Wat me de afgelopen twee en een half jaar niet is ontgaan, is er dat er heel veel retoriek over de begroting is, maar dat telkens wanneer de federale regering hiervoor samenkomt, het alleen maar erger wordt. Ik zou hopen dat Open Vld het been eens stijf houdt voor de federale begroting en zorgt dat die huishouding op orde is, in plaats van hier het begrotingsbeleid van de Vlaamse Regering onder vuur te nemen. U levert de federale minister van Begroting. Doe daar het werk dat u moet doen.
Mijnheer Vanvelthoven, u komt zelf van de overkant, en de waarheid heeft haar rechten. De federale regering beschikt pas sinds dit jaar over een fulltime minister van Begroting. Dat was geen dag te vroeg.
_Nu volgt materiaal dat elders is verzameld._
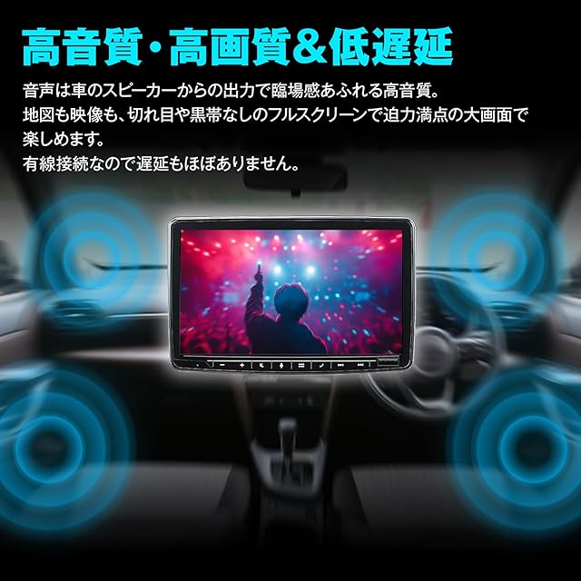 【スマホの画面をそのまま車に】 スマートフォンの画面を、愛車のディスプレイオーディオにそのまま映し出せるミラーリング機能搭載。 CarplayではできないYoutubeなどの動画視聴や、ナビアプリでのナビゲーション、SNSチェックまで、すべて車内で楽しめます。 長距離移動向けや車内のエンタメ性を高めるのに最適なアイテムです。
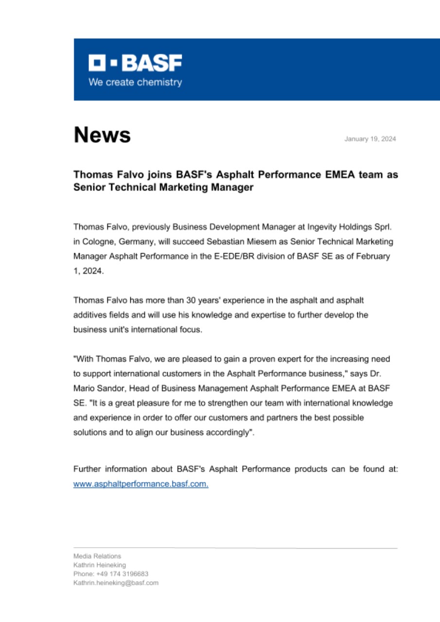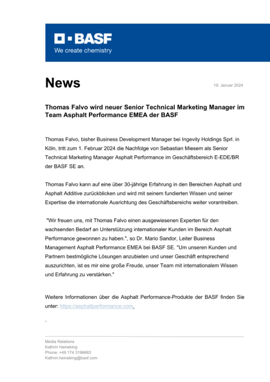 "With Thomas Falvo, we are pleased to gain a proven expert for the increasing need to support international customers in the Asphalt Performance business," says Dr. Mario Sandor, Head of Business Management Asphalt Performance EMEA at BASF SE. "It is a great pleasure for me to strengthen our team with international knowledge and experience in order to offer our customers and partners the best possible solutions and to align our business accordingly".
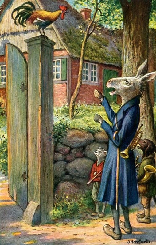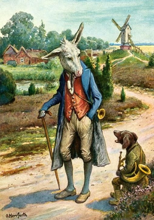 Otto Ubbelohde, illustration pour Die Bremer Stadtmusikanten (Les musiciens de la ville de Brême) de Jacob et Wilhelm Grimm (1909) dans Märchen aus aller Welt (Contes du monde entier), Digitale Bibliothek (bibliothèque numérique).
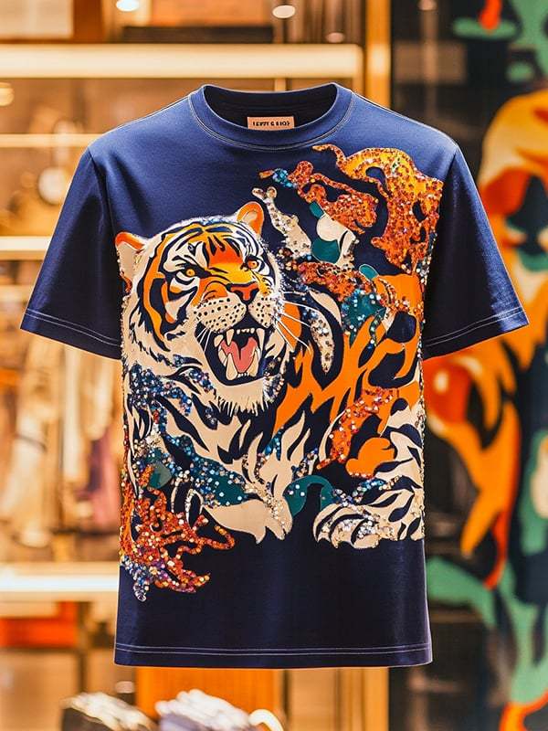 Men's Tiger Sequin Business Print Short Sleeve T-Shirt
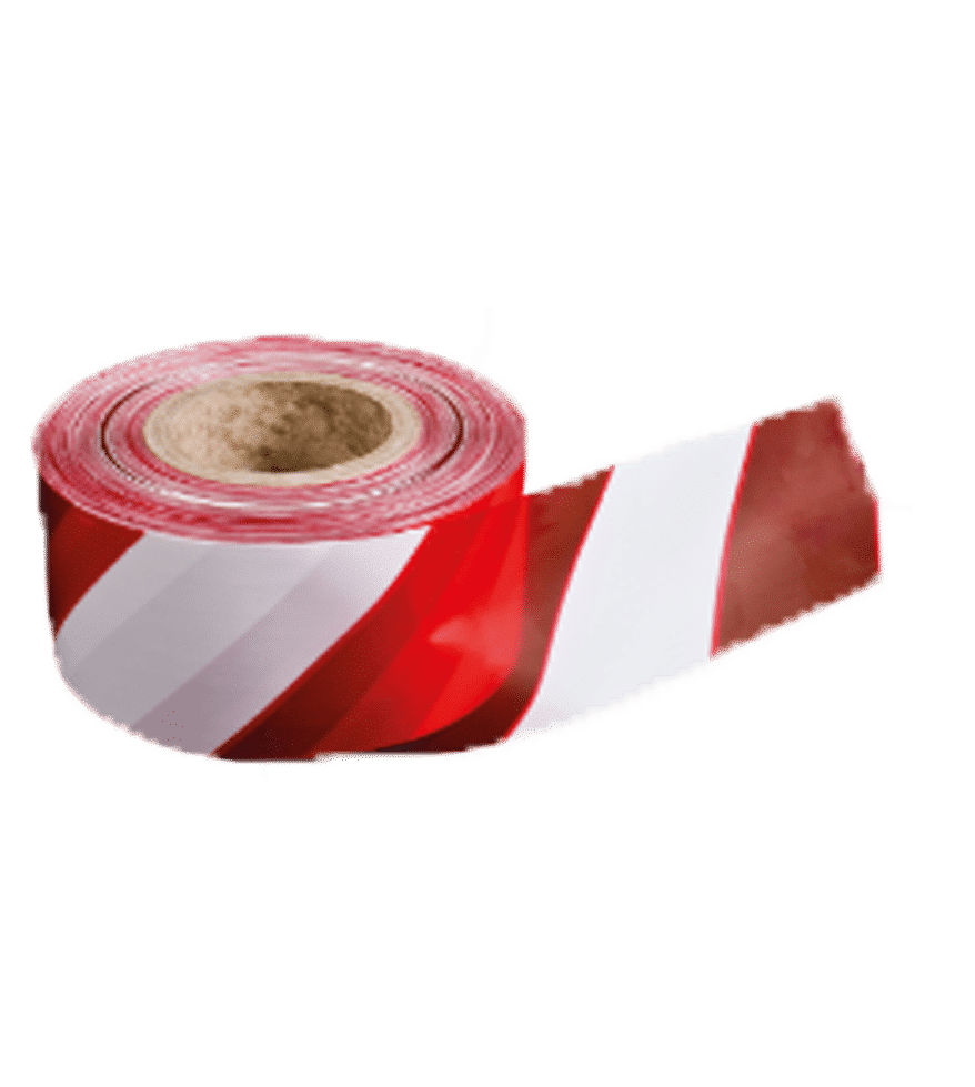 Cinta de balizamiento anónima para delimitar diferentes espacios. Disponible en blanco/rojo y amarillo/negro.
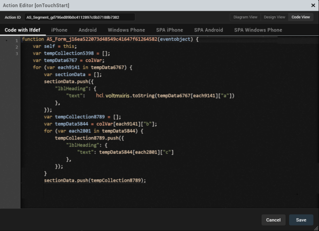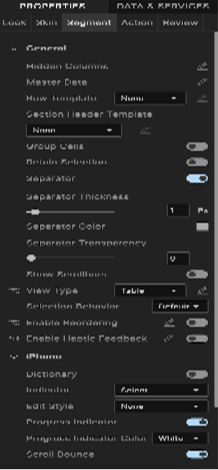 Segment properties specify properties that are available on any platform supported by Volt MX Iris, and assign platform-specific properties.
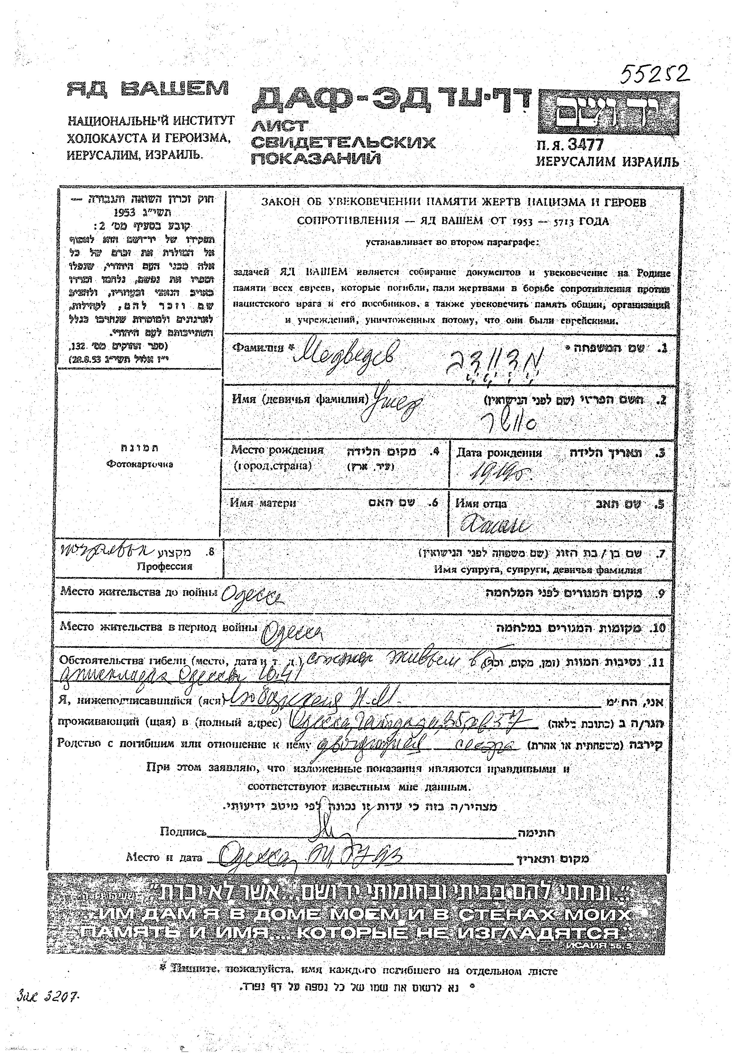 Поиск подателя Листа свидетельских показаний. Поиск по любому имени, включая уменьшительное или прозвище
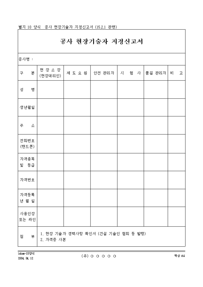 9,000원/월공사 현장 기술자의 성명,생년월일,주소,전화번호,자격종목 및 등급등을 기록하는 공사 현장기술자 지정신고서입니다.
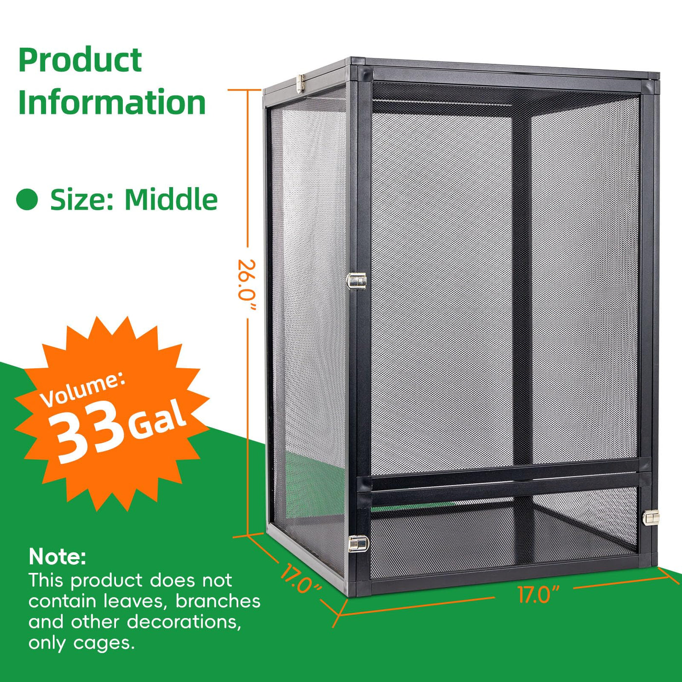 Binano 33 Gal Detachable And Foldable Reptile Butterfly Cage Terrarium, 360 Observation, Airflow, Interaction In Gecko Tank For
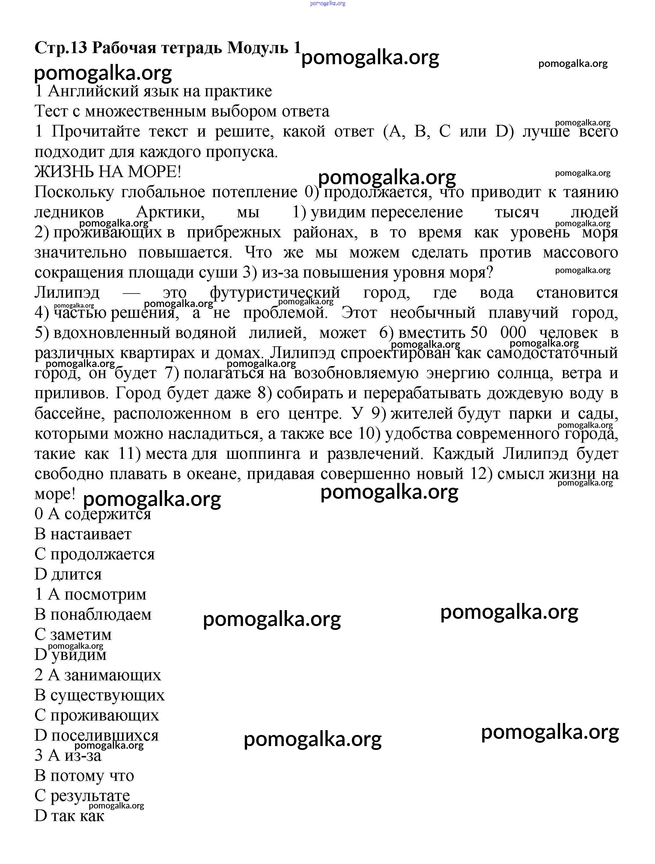Готовые ответы - Английский язык 9 класс рабочая тетрадь Starlight Баранова К.М. - module 1 13
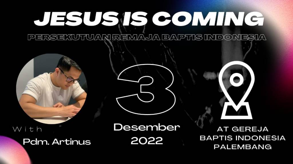 Seluruh Kaum Remaja diundang hadir dalam Persekutuan PRBI pada Sabtu, 03 Desember 2022 pukul 18.00 WIB di GBIP, dengan acara “Jesus Is Coming” Pembicara Pdm. Artinus Telaumbanua, M.Th
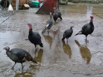 Gestern zog ein altes Gänsepaar mit ihren drei Adoptivhühnern bei uns ein, die Truppe fühlt sich sichtlich wohl, sehr schön!
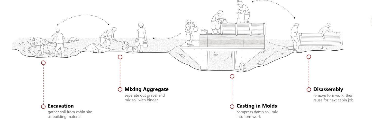 Our aesthetic became enamored with rammed earth as the primary mode for achieving conservation ecology, in which our residences are erected using predominantly earth removed by on-site excavation. The residences bridge Nivola’s artistic legacy given the conspicuous assembly and aesthetic similarities of rammed earth to sand-casting; furthermore, the sculpted towering profiles of the residences aptly rise above the surrounding tree canopy formalizing an iconic vista for native Oranians living across the valley, all the while nimbly weaving between the tight arboreal constraints of the grove. The idiosyncratic arrangement and craft of the residences lends individual character to form, fostering opportunities for guests to experience many welcome surprises in their stay at the Nivola Museum.
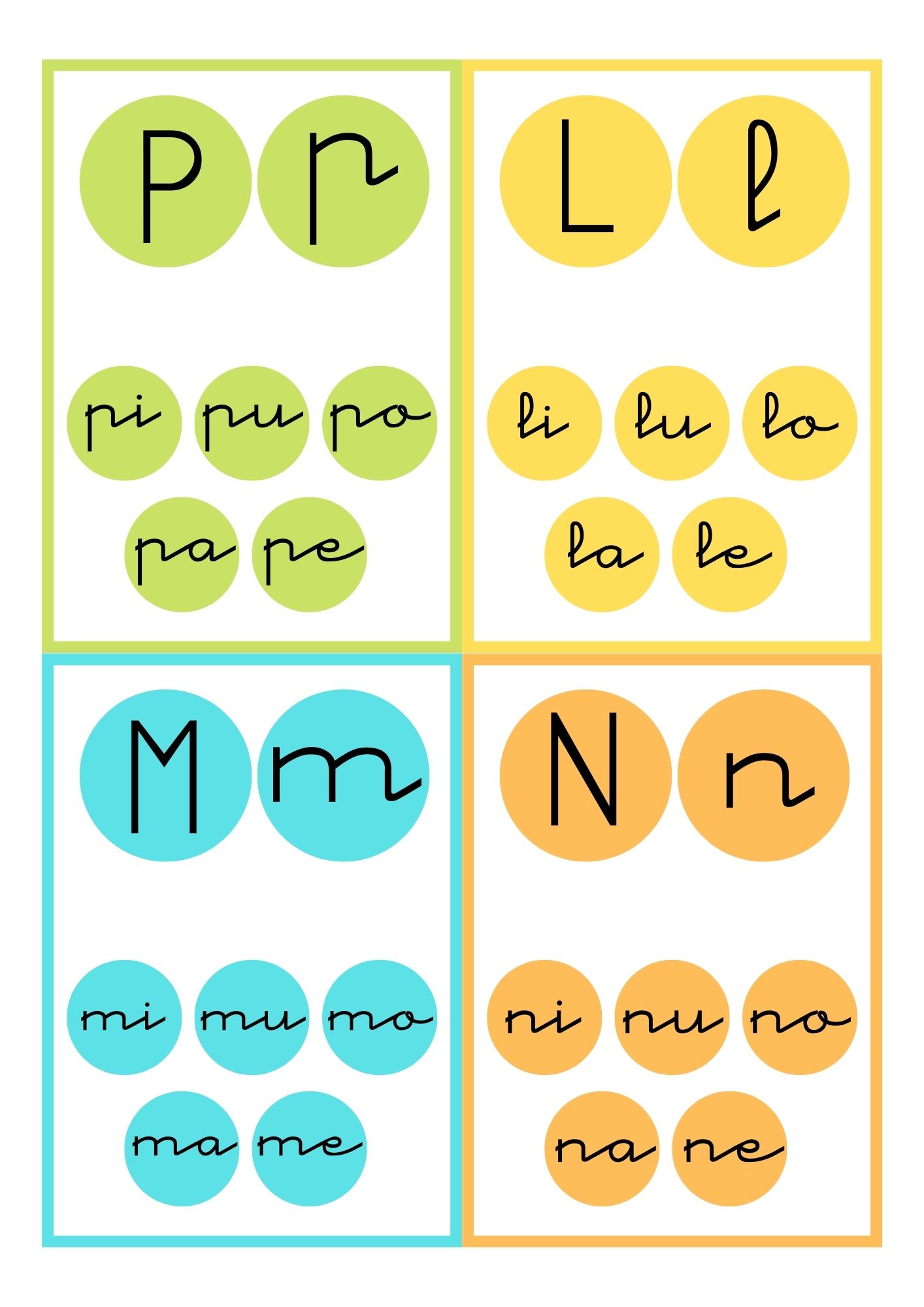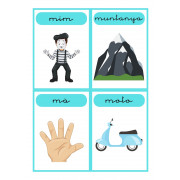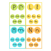 En aquest imprimible hi trobareu targetes amb els sons consonàntics (m,n,b,v,c,x,z,l,j,h,g,f,d,s,p,t,r,q) acompanyats de les vocals. I també targetes d'imatges amb la paraula escrita amb lletra lligada per cada so (8 targetes per so consonàntic aproximadament). Ho podreu fer servir com iniciació a la lectura, per treballar la lletra lligada, per treballar so consonàntic més vocal, per treballar vocabulari, per classificar segons so...
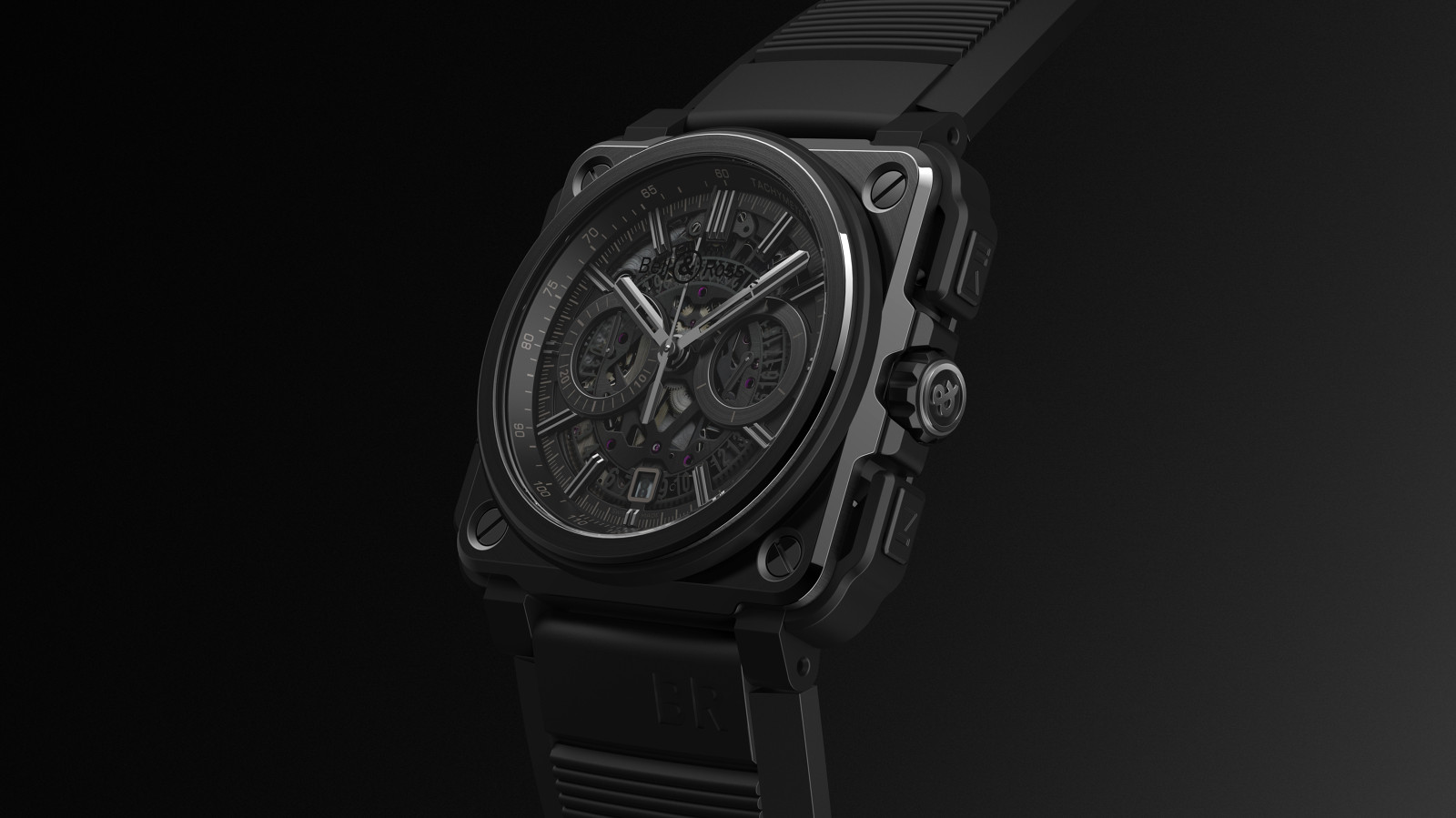 The black-themed Bell & Ross BR-X1 Phantom comes in a light 45 mm diameter brushed titanium case that was treated with a ceramic layer. Using PVD – physical vapour deposition, the resistance to scratches and any other chemical influences is increased.
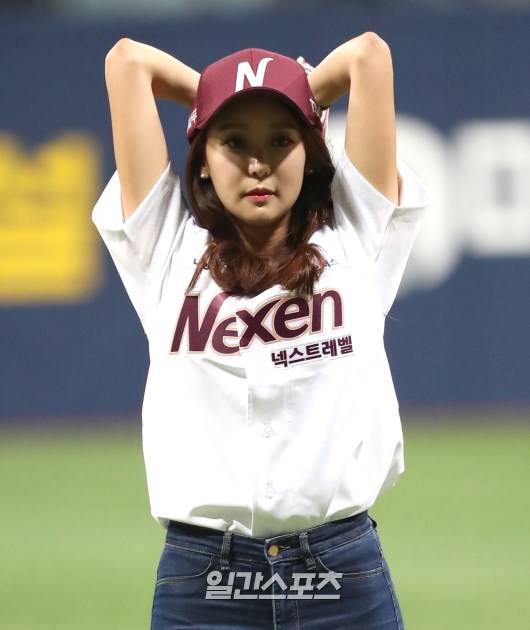 '2018 프로야구 신한은행 마이카 KBO리그' 넥센 히어로즈와 kt 위즈 경기가 5일 오후 고척스카이돔에서 펼쳐졌다. 박지영 MBC스포츠플러스 아나운서가 시구하고있다. 고척=정시종 기자 jung.sichong@jtbc.co.kr /2018.04.05.
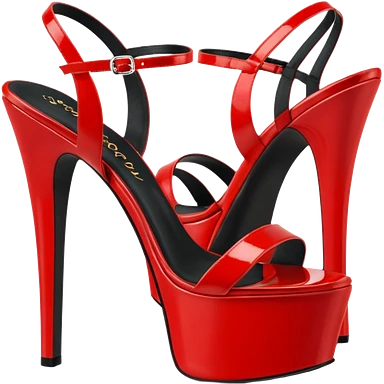 3D rendering, side view, Fabulicious brand, red patent shiny vegan leather seductive style platform heel sandals emoji
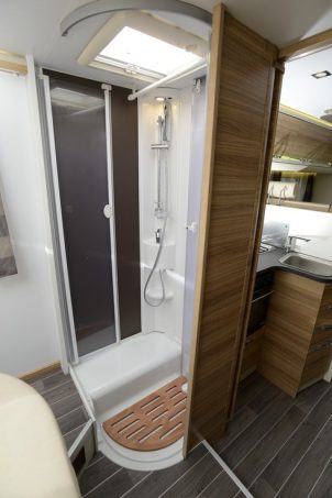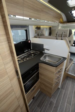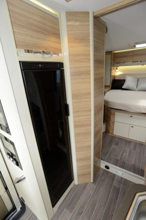 L’habitacle n’est pas en reste puisqu’une fois pénétré par la large porte cellule (optionnelle), une ambiance contrastée se dégage avec un mobilier clair très nervuré utilisé pour les décors de parois des meubles, alors que le plancher et la sellerie (spécifique Platinum) opte pour un coloris foncé. Toutefois il s’agit là d’un pack facturé 1 690 € supplémentaires au prix du Coral de base.

Wij zijn dan ook blij dat minister Vanhengel daar zijn verantwoordelijkheid opneemt. Het is ooit anders geweest.
Dat het geen dag te vroeg was, is mede te wijten aan Open Vld, dat al tweeënhalf jaar in diezelfde federale regering zit.
Collegas, als we deze begroting overschouwen, is het voor de sp.a-fractie ook heel belangrijk dat in een aantal sectoren niét bespaard wordt. Er wordt niet bespaard in de gehandicaptensector, in de sociale en beschutte werkplaatsen, in de thuiszorg, in de kinderopvang. Meer zelfs: voor een aantal sectoren wordt er, ondanks deze economisch moeilijke tijden, meer geld vrijgemaakt. Er wordt bijvoorbeeld meer geld vrijgemaakt voor kinderopvang. Dat is ongemeen belangrijk, om, zeker in deze economisch moeilijke tijden, bepaalde groepen meer kansen te geven op de arbeidsmarkt. Er gaat ook meer geld naar de gehandicaptensector, die mag doorgaan met zijn uitbreidingsprogramma.
In deze economisch moeilijke tijden worden besparingen met andere woorden niet afgewenteld op de allerzwaksten in onze samenleving.
Bij de regeringsonderhandelingen heeft sp.a ervoor geijverd om het decreet Grond- en Pandenbeleid integraal en onverkort uit te voeren. We mogen zeggen dat dat in de begroting 2010 ook wordt waargemaakt. Voor het groeipad van het decreet Grond- en Pandenbeleid is voorzien in een uitbreiding van het investeringsprogramma ten belope van 76 miljoen euro: 35 miljoen euro in de huursector, 41 miljoen euro in de koopsector. Door die uitbreiding bedraagt het investeringsprogramma 2010 voor de huursector 455 miljoen euro, en voor de koopsector 211 miljoen euro. Voor sp.a is dat bijzonder belangrijk.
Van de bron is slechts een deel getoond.